As we left Mother Mary today – at the
old aged home Retirement Village – he used to call them old aged homes and be very anti but now suddenly they’re OK and they’re retirement villages cos he has just made an offer on a cottage there, deciding at age 96 that it might be time before too long that he may, perhaps, have to move in there one day. Anyway, as we’re leaving we’re energetically flagged down by an old blue-rinse biddy sitting in a smart white sedan outside the frail care section.
‘Oy! Are you ignoring me?’ she shouts, waving her hand in Dad’s direction. He, of course, doesn’t hear her, so I look in the open driver’s window across at her in the front passenger seat and she waves me aside. ‘No, not you,’ she indicates with a dismissive wave, ‘The bald gentleman; Well, the bald gentleman with the white hair; OK, the bald gentleman with the white hair and the walking stick.’
Oh. So she doesn’t mean me.
He sticks his head in the window. ‘Were you going to walk right by me?’ she asks. Hello! He smiles, switching straight into charm mode; Who are you? Ooh, she thinks. Some doubt creeps in. ‘Aren’t you . .’ she starts and hits a geriatric blank. Staring at him, knowing she knows him but has just lost his name right now. It’s on the tip of her tongue. ‘Um, aren’t you . .’ she repeats. Who are you? he repeats.
They reach out to shake hands – instinctive, cos if you’ve been to Maritzburg College and St Annes or Epworth and lived through a world war, that’s what you do. So they’re now holding hands both being furiously pleasant and both trying to figure out who the hell this other person is.
She changes tack: ‘I bet you I’m older than you,’ she says.
YUSSIS! That MAKES his day! He’s had a bit of a rough day with his idiot son who doesn’t know when to shut up and just nod him yes, so this – THIS – is a godsend. He jumps up in the air, clicks his heels and leans right in to the car. The click might have been his teeth.

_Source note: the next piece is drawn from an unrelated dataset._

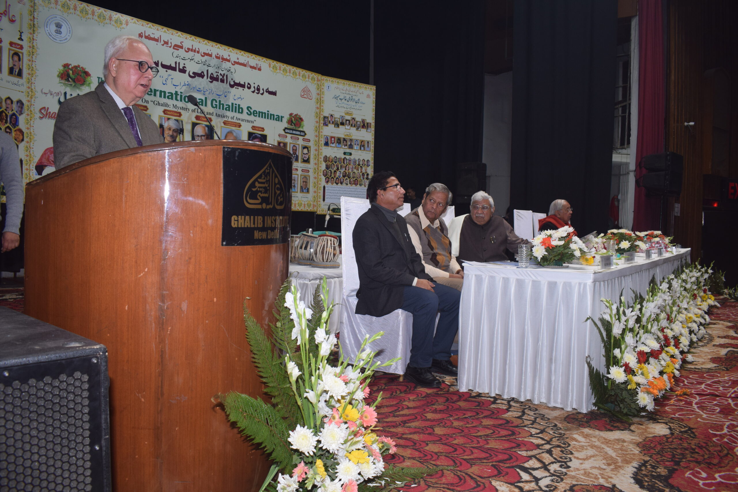 غالب انسٹی ٹیوٹ کے زیر اہتمام سہ روزہ بین الاقوامی غالب تقریبات کا افتتاح جمعے کے روز ایوان غالب میں عمل میں آیا۔ اجلاس کاافتتاح کرتے ہوئے معروف ہندی دانشور جناب اشوک واجپئی نے کہا کہ غالب تقریبات کے تحت ہونے والی سرگرمیاں ہماری علمی اور ثقافتی وابستگی کو واضح کرتی ہیں۔ سمینار کا موضوع ’غالب: راز حیات اور اضطراب آگہی‘ غور و فکر کے بہت سے زاویے اپنے اندر لیے ہوئے ہے۔ غالب نے راز حیات کو سمجھنے کے بعد جس اضطراب کو محسوس کیا اسی نے ان کی تخلیقی صلاحیت کو جلا بخشی ہے۔ پروفیسر سید خالد قادری نے سمینار کا کلیدی خطبہ پیش کرتے ہوئے کہا کہ غالب کے یہاں اضطراب مختلف انداز میں ظاہر ہوا ہے۔ وہ اپنے اضطراب کو ذات تک محدود نہیں رکھتے بلکہ اسے کائنات کی تفہیم کا ذریعہ بنا لیتے ہیں۔ جناب جسٹس آفتاب عالم نے صدارتی تقریر کے دوران کہا کہ انسان کی تمناوں کا ،خوابوں کا اور اُس کے عزم کا جس قدر خوبصورت اور پراعتماد بیان غالب کے یہاں ہے میرے محدود مطالعے میں کہیں نظر سے نہیں گزرا۔ غالب انسٹی ٹیوٹ نے اس موضوع کا انتخاب کر کے اہل قلم کو ایک اہم سمت کی طرف متوجہ کیا ہے۔ غالب انسٹی ٹیوٹ کے سکریٹری پروفیسر صدیق الرحمٰن قدوائی نے مہمانوں کا استقبال کرتے ہوئے کہا کہ غالب انسٹی ٹیوٹ کا یہ سمینار یہاں کی سب سے اہم سرگرمیوں میں شمار ہوتا ہے لہٰذا ہماری کوشش رہتی ہے کہ سمیناروں کے موضوعات میں یکسانیت سے بچا جائے۔ مجھے امید ہے کہ اس موضوع کے تحت جو بھی اجلاس ہوں گے اس میں کارآمد باتیں سامنے آئیں گی۔ غالب انسٹی ٹیوٹ کے ڈائرکٹر ڈاکٹر ادریس احمد نے کہا غالب انسٹی ٹیوٹ ہر برس غالب کے یوم پیدائش کے موقع پر دسمبر میں غالب تقریبات کا اہتمام کرتا ہے اور یہ تقریبات محض رسمی نہیں ہوتیں بلکہ ہم نے پورے سال کیا کیا اس کی ایک رپورٹ بھی ہوتی ہے یہ رپورٹ کتابوں کی رونمائی کی شکل میں پیش کی جاتی ہے۔ مجھے یقین ہے کہ اس سال کا سمینار بھی بہت کامیاب رہے گا اور جب یہ کتابی شکل میں شائع ہوگا تو اس سے گفتگو آگے بڑھے گی۔ اس موقع جناب اشوک واجپئی صاحب کے ہاتھوں سے ڈاکٹر شمس بدایونی کو برائے اردو تحقیق و تنقید، پروفیسر آصف نعیم کو برائے فارسی تحقیق و تنقید، جناب سید محمد اشرف کو برائے اردو نثر، جناب خلیل مامون کو برائے اردو شاعری، جناب نصیرالدین شاہ کو برائے اردو ڈرامہ، اور ڈاکٹر کیول دھیر کو برائے مجموعی ادبی خدمات غالب انعام 2023 پیش کیا گیا۔ کتابوں اور انعام یافتگان کا تعارف ڈاکٹر شگفتہ یاسمین نے پیش کیا۔ افتتاحی اجلاس کے بعد شام غزل (کلام غالب) کا اہتمام کیا گیا جس میں معروف غزل سنگر جناب امریش مشرا نے اپنے مخصوص انداز میں غزل سرائی کی۔ سمینار کے ادبی اجلاس 23 اور 24 دسمبر کو صبح 10 بجے سے شام 5 بجے تک ہوں گے۔ 23 دسمبر کو سمینار کے بعد عالمی مشاعرے کا اہتمام ہوگا جس میں ملک و بیرون ملک کے ممتاز شعرا اپنا کلام پیش کریں گے۔
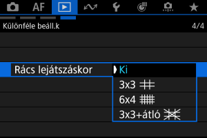 Egyképes megjelenítés esetén rács jeleníthető meg a megjelenített állóképeken a lejátszási képernyőjén. Ezzel a funkcióval kényelmesen ellenőrizheti a kép függőleges és vízszintes dőlésszögét és a kompozíciót.

I’ll bet you you’re not! he challenges. ‘I bet you I am,’ she repeats confidently. I’ll bet you . . how much you wanna bet? he says. They’re still holding hands and staring into each others eyes. It’s getting ‘Yes I am; No you’re not!’ stuck, so I chip in. How about one Rand? I suggest. ‘Well, I only have ten Rand,’ she fibs. I’ll take you on, he says, How old are you? She leans back and puffs out her bosom and announces triumphantly ‘Nearly ninety ONE.’
WELL! Victory is his! He wriggles with glee and says I’m . . . . no. This is my son Koos. Koos, you tell her how old I am! The old goat is 96 in the shade, I say. She deflates, he puffs up. He smoked her! Blew her doors off! Left her in his dust! Annihilated her. They’re still holding hands. He rubs it in: I prefer to say I’ve got four years to go to a hundred.
I walk off, leaving them to their embarrassment and awkward ending. Well, nice to have met you, he says. ‘Yes, indeed,’ she says, even though neither cagey old codger has divulged their name yet. The only name we have out of this joyful meeting of long-lost strangers so far is “Koos.”
As the old man leaves she outs when he’s ten metres down the drive with ‘So sorry to have mistaken you; Sorry to be a bother.’ That St Annes politeness training is deeply embedded. Of course he didn’t hear it. Ten metres is way out of range. Anyway, his face was wreathed in such a wide smile his ears were probably blocked by the wrinkles. This avenged the stinging loss he’d suffered at the College reunion.